Order in the examination of an individual witness. — The order in which the individual witness
may be examined is as follows;
(a) Direct examination by the proponent;
(b) Cross-examination by the opponent;
(c) Re-direct examination by the proponent;
(d) Re-cross-examination by the opponent.

7. What are the direct examination, cross-examination, re-direct examination and re-cross
examination.
Rule 132, Revised Rules on Evidence

Section 5. Direct examination. — Direct examination is the examination-in-chief of a witness by


the party presenting him or her on the facts relevant to the issue.

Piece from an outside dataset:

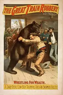 Porter (and possibly Anderson) drew on various sources when planning the scenario for The Great Train Robbery.[11] Western themes were already popular in films and other entertainment, reflecting the wide public interest in stories about the past and present of the American West. Many American films before 1900 can be classified as Westerns,[12] such as actuality views of cowboy life, staged Western anecdotes like A Bluff from a Tenderfoot and Cripple Creek Bar-Room Scene (both 1899), and shots of Annie Oakley and of Oglala and Brulé dancers from Buffalo Bill's Wild West Show (both 1894).[13] Studios abroad also began telling Western stories early on, with Mitchell and Kenyon's 1899 British film Kidnapping by Indians the first known example.[14] Edison's 1901 film Stage Coach Hold-up, based on Buffalo Bill's "Hold-up of the Deadwood Stage" act, probably influenced Porter directly.[11] Porter may have also been inspired by recent real events related to the American West: in August 1900, Butch Cassidy and his gang had robbed a Union Pacific Railroad train and escaped capture,[15] and in September 1903, Bill Miner's gang made an unsuccessful holdup of an Oregon Railroad and Navigation Company train.[16]

Section 6. Cross-examination; its purpose and extent. — Upon the termination of the direct
examination, the witness may be cross-examined by the adverse party on any relevant matter,
with sufficient fullness and freedom to test his or her accuracy and truthfulness and freedom
from interest or bias, or the reverse, and to elicit all important facts bearing upon the issue.

Section 7. Re-direct examination; its purpose and extent. — After the cross-examination of the
witness has been concluded, he or she may be re-examined by the party calling him or her, to
explain or supplement his answers given during the cross-examination. On re-direct-
examination, questions on matters not dealt with during the cross-examination, may be
allowed by the court in its discretion.

Section 8. Re-cross-examination. — Upon the conclusion of the re-direct examination, the


adverse party may re-cross-examine the witness on matters stated in his or her re-direct
examination, and also on such other matters as may be allowed by the court in its discretion.